Comparative advertising in Europe
Nowadays word-of-mouth is not considered a reliable way to inform customers about company’s production. Advertising is crucial in order to get rapid sales of a product or service, and to have a successful marketing campaign - some companies use comparative advertising. Such a form of advertising can be very useful in order to underline the benefits of a company’s products against its competitors, however there are certain rules to be followed when using comparative advertising.
The main legal act regulating comparative advertising in the EU is Directive 2006/114/EC. The directive 2006/114/EC was adopted to codify the former Directive 84/450 and its amendments and to harmonize the use of comparative advertising in the Member States. This directive lays down uniform general principles for misleading and comparative advertisement. The Member States choose the form and appropriate method by which to attain these objectives in their own national law. The Directive entered into force on the 12thof December 2007.
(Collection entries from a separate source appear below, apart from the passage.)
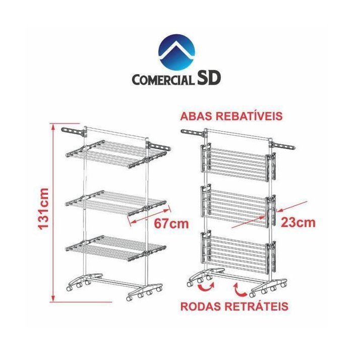 Varal multifuncional com 3 andares de prateleiras retráteis, projetados para otimizar o espaço da sua lavanderia e proporcionar uma melhor secagem de roupas, toalhas, roupas íntimas e calçados. Rodas para fácil manuseio e ótima opção de armazenagem.
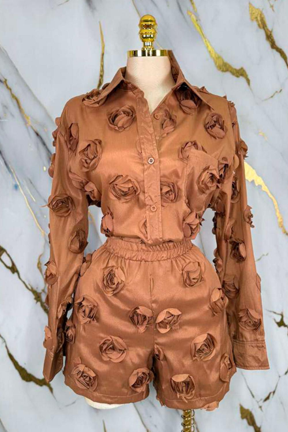 This is a stylish two-piece set featuring a button-down long sleeve top and matching high-waisted shorts in a rich bronze-brown shade. The standout detail is the 3D floral appliqué design, with rose-like fabric blooms sewn throughout, giving the outfit a textured and romantic feel. The blouse has a classic collar with front buttons, while the shorts feature a comfortable elastic waistband for a flattering fit. Perfect for making a bold fashion statement, this set blends elegance with a playful, fashion-forward twist.
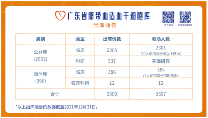 截至2021年12月31日,广东省脐血库已出库3300份脐血,救助2697位患者。
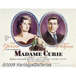 <B>Madame Curie (MGM, 1943)</B></I> Half Sheet (22" X 28"). "Mr. and Mrs. Miniver together again." Well, not quite. This MGM biopic was the third of seven pairings of Greer Garson and Walter Pidgeon. At the turn of the century, young physics student Marie (Garson) is paired in the lab with Pierre Curie (Pidgeon). She finally breaks through Pierre's shyness, and they get married. After their idyllic honeymoon, they make their life's work the struggle to isolate radium. Just at the point that success comes, Pierre is suddenly killed in an accident. This half sheet has beautiful portraits of Garson and Pidgeon. Pinholes, edge wear, small tears, and soiling. Fine+.
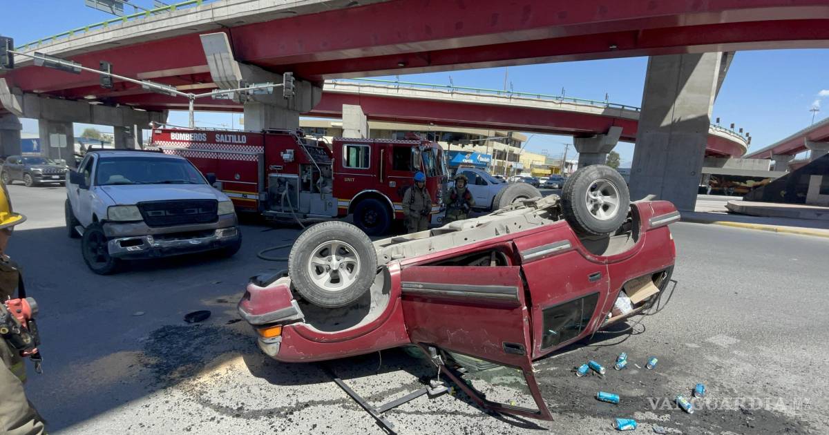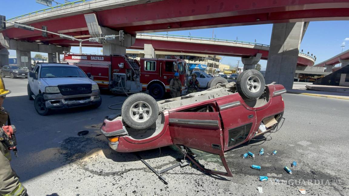 Por intentar ganarle al rojo, causa choque y vuelca camioneta en Saltillo; deja una mujer lesionada
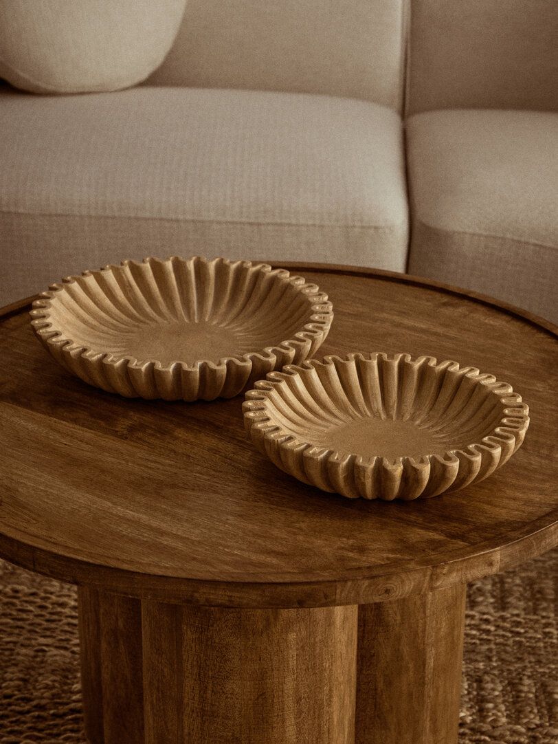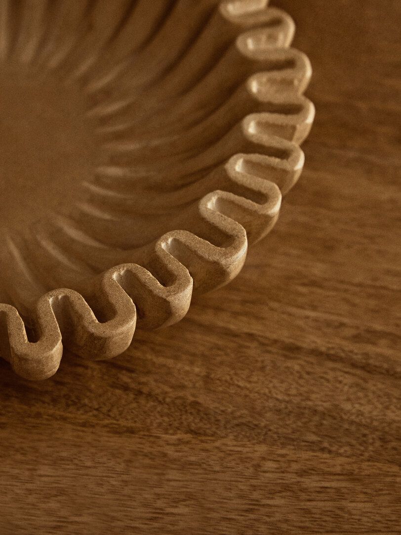 The FENWRETH small bowl boasts handcrafted charm with its intricate yet durable ochre marble body with organic veining and chic fluted design.
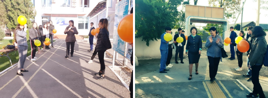 Жұмыс күні басталысымен колледж белсенділері "Ұстаздарға кұрмет" акциясын өткізді. Әр мұғалімді салтанатты түрде қарсы алып, ерекше кұрмет көрсетті. Өте әсерлі болған керемет іс-шара концерттік бағдарламаға ұласты.
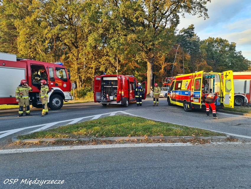 16 października około godziny 16:50 na skrzyżowaniu ul. Żubrów – Kopalniana w Międzyrzeczu doszło do zdarzenia drogowego z udziałem samochodu osobowego oraz motocykla. W wyniku zderzenia pojazdów droga została całkowicie zablokowana. Z pomocą poszkodowanym osobom podróżującym motocyklem pospieszyli świadkowie zdarzenia oraz wezwali oni na miejsce służby ratunkowe. Do działań ruszyły zastępy strażaków z OSP Międzyrzecze, KP PSP/JRG Pszczyna, KM PSP/JRG Tychy oraz ZRM i Policja. W wyniku zdarzenia dwie osoby podróżujące motocyklem doznały obrażeń ciała i trafiły pod opiekę ratowników medycznych. Ze wstępnych ustaleń pracujących na miejscu Policjantów wynika, że sprawcą zdarzeni jest kierowca samochodu osobowego, który wymusił pierwszeństwo na kierowcy jednośladu. Działania służb na miejscu trwały blisko dwie godziny. Policjanci KPP Bieruń prowadza dalsze postępowanie w tej sprawie.
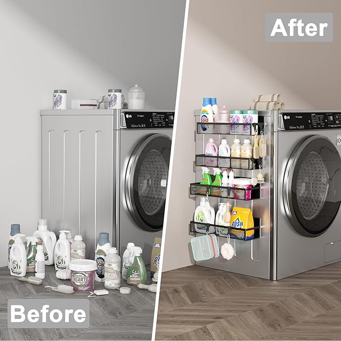 - Multi-Use Magnetic Refrigerator Organizer: Can be used on all magnetic surfaces of your home, kitchen or laundry room, such as the side wall of your refrigerator to hold spices, oils, utensils, towels or other essentials. Our moveable refrigerator shelf can also be used on the side of an oven, microwave, coffee machine, washing machine, classroom, whiteboard or tools wall for storage.

According to article 4 of the directive, comparative advertising is permitted when:
(a) it is not misleading;
(b) it compares goods or services meeting the same needs or intended for the same purpose;
(c) it objectively compares one or more material, relevant, verifiable and representative features of those goods and services, which may include price;
(d) it does not discredit or denigrate the trademarks, trade
names, other distinguishing marks, goods, services, activities or circumstances of a competitor;
(e) for products with designation of origin, it relates in each case to products with the same designation; (f) it does not take unfair advantage of the reputation of a trade mark, trade name or other distinguishing marks of a competitor or of the designation of origin of competing products;
(g) it does not present goods or services as imitations or replicas of goods or services bearing a protected trade mark or trade name;
(h) it does not create confusion among traders, between the advertiser and a competitor or between the advertiser’s trademarks, trade names, other distinguishing marks, goods or services and those of a competitor.
The goal of comparative advertising is to show that a company’s product or service is superior to a product or service of another company. Companies try to do this by comparing benefits, costs and other things that make their product seem better.
European case law
A few decisions by the European Court of Justice (ECJ) regarding the directive are relevant to determine the boundaries of comparative advertising.
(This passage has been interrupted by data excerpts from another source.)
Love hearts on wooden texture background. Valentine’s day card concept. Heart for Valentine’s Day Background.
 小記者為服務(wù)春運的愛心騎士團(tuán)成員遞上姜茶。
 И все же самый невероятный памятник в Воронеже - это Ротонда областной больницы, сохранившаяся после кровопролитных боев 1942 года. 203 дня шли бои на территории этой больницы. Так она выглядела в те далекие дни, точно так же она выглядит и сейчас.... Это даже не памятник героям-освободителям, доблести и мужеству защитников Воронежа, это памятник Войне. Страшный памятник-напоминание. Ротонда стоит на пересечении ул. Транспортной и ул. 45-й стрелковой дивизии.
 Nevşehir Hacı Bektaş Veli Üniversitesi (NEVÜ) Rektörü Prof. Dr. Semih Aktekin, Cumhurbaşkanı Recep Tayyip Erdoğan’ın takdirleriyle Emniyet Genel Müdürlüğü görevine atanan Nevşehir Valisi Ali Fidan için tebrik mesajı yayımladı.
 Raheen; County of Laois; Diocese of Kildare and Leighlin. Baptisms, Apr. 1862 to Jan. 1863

In the Lidl-case, Lidl accused another company of publishing a misleading advertisement in a French newspaper. It was misleading, according to Lidl, because it compared prices of certain goods (mostly food products) in a few supermarkets without naming the brands of the goods compared. This means that a consumer would not be able to identify the product mentioned in the advertisement when he goes to the supermarket, in order to check whether the advertisement was correct. The ECJ agrees with this last part and states that in some cases it is necessary to provide the brand names and details of the products.
So, when thinking about creating a comparative advertisement it is important to provide the relevant information about the products that are being advertised.
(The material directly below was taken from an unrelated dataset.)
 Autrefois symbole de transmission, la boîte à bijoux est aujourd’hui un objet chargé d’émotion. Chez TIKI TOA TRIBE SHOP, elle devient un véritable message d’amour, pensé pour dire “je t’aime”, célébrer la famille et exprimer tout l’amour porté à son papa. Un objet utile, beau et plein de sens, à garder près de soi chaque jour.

When using comparative advertisement, intellectual property rights, such as trademarks, are involved. In the Toshiba-case a company advertised goods which can be used as spare parts Toshiba products. The European Court of Justice held that the use of another company's trade mark may be legitimate where it is necessary to inform the public of the nature of the products as long as it does not take unfair advantage of the distinctive character or the reputation of the mark or is detrimental to it.
In the case O2 v. Hutchinson 3G UK, the European Court of Justice stated that the use of the trade mark of a third party in a comparative advertisement is not lawful if it would cause confusion to the consumers.
The defendant in a case about optical products advertised with a comparison of the prices of a certain combination of products. In the advertisement he also showed the logo and a picture of the shop of the competitor. The European Court of Justice held that, in principle, it is not prohibited to show the logo of the competitor, if it complies with the conditions laid down in the directive. As for the combination of products the ECJ held that persons to whom the advertising is addressed should be capable of knowing the actual price differences between the products compared and not merely the average difference between the advertiser's prices and those of its competitors.
This means that companies should be precise in showing the actual products and prices.
In a more recent case one company advertised ‘smell-alike’ perfumes for a low price, using a comparison list for retailers that indicated the word marks of the luxury trade marks to which the ‘smell-alike’ product corresponded. The other company owned some of these well-known trademarks. The ECJ came to the conclusion that the use of the well-known trademarks was not lawful, because unfair advantage was taken of the reputation of the well-known trademarks.
As pointed out above, the European Court of Justice set out some guidelines for comparative advertising. Although comparative advertising is permitted, each Member States chose the form and appropriate method by which to attain these objectives in their own national law. There are many things to take into consideration before starting a marketing campaign with comparative advertising. Not only the Misleading and Comparative Advertising Directive, but also other directives such as the Trade mark Directive and the Unfair Commercial Practice Directive are applicable when it comes to comparative advertising. Different fields of law overlap when it comes to this topic, which makes it important to think carefully about the way of advertising.